##### RECORDS PROVIDED

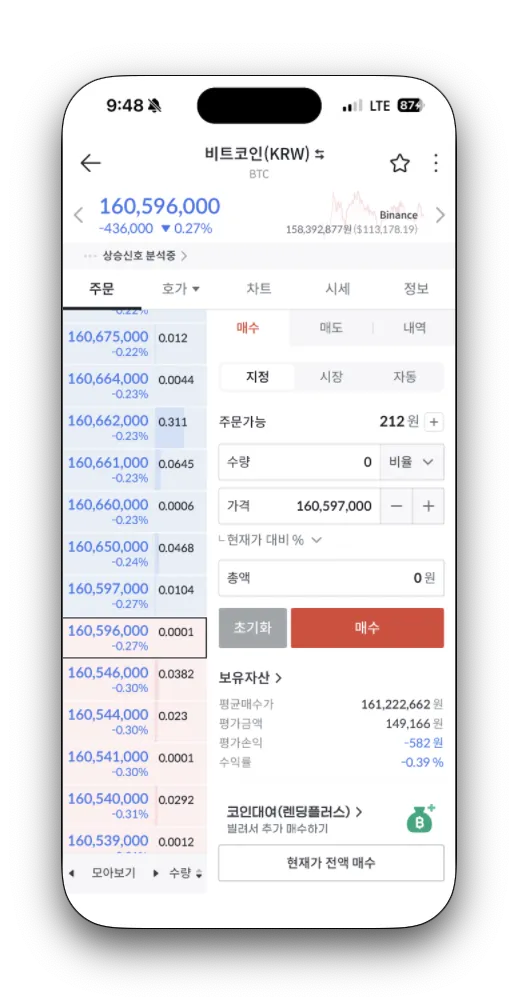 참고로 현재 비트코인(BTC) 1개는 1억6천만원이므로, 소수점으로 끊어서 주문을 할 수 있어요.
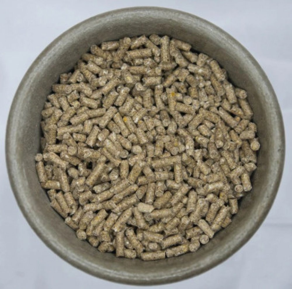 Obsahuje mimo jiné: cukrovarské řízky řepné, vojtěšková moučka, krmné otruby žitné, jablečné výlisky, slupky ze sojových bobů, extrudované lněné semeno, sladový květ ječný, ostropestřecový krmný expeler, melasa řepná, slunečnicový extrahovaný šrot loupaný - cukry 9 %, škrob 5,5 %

##########
##### RECORDS PROVIDED

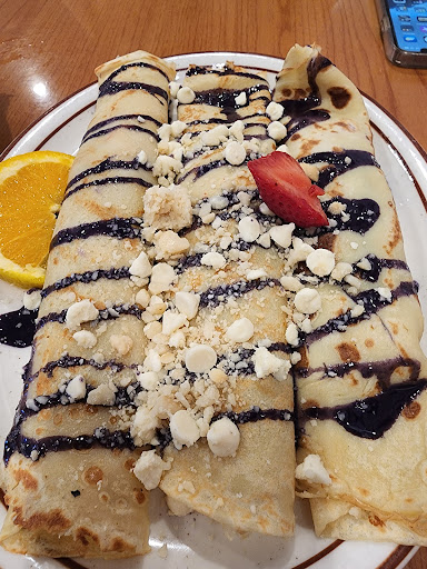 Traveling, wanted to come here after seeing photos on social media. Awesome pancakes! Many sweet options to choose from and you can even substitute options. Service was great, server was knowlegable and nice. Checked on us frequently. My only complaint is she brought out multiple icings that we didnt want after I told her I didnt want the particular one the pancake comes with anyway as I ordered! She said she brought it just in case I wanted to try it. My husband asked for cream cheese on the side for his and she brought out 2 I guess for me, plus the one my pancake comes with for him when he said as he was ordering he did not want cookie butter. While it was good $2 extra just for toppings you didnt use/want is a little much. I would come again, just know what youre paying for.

##########
##### RECORDS PROVIDED

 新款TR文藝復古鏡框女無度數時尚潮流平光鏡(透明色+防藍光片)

##########

Would you write out exactly the lines above, starting at the line containing "참고로 현재 비트코인(BTC)" and stopping after the line containing "Obsahuje mimo jiné: cukrovarské"? Omit the pictures.

 참고로 현재 비트코인(BTC) 1개는 1억6천만원이므로, 소수점으로 끊어서 주문을 할 수 있어요.
 Obsahuje mimo jiné: cukrovarské řízky řepné, vojtěšková moučka, krmné otruby žitné, jablečné výlisky, slupky ze sojových bobů, extrudované lněné semeno, sladový květ ječný, ostropestřecový krmný expeler, melasa řepná, slunečnicový extrahovaný šrot loupaný - cukry 9 %, škrob 5,5 %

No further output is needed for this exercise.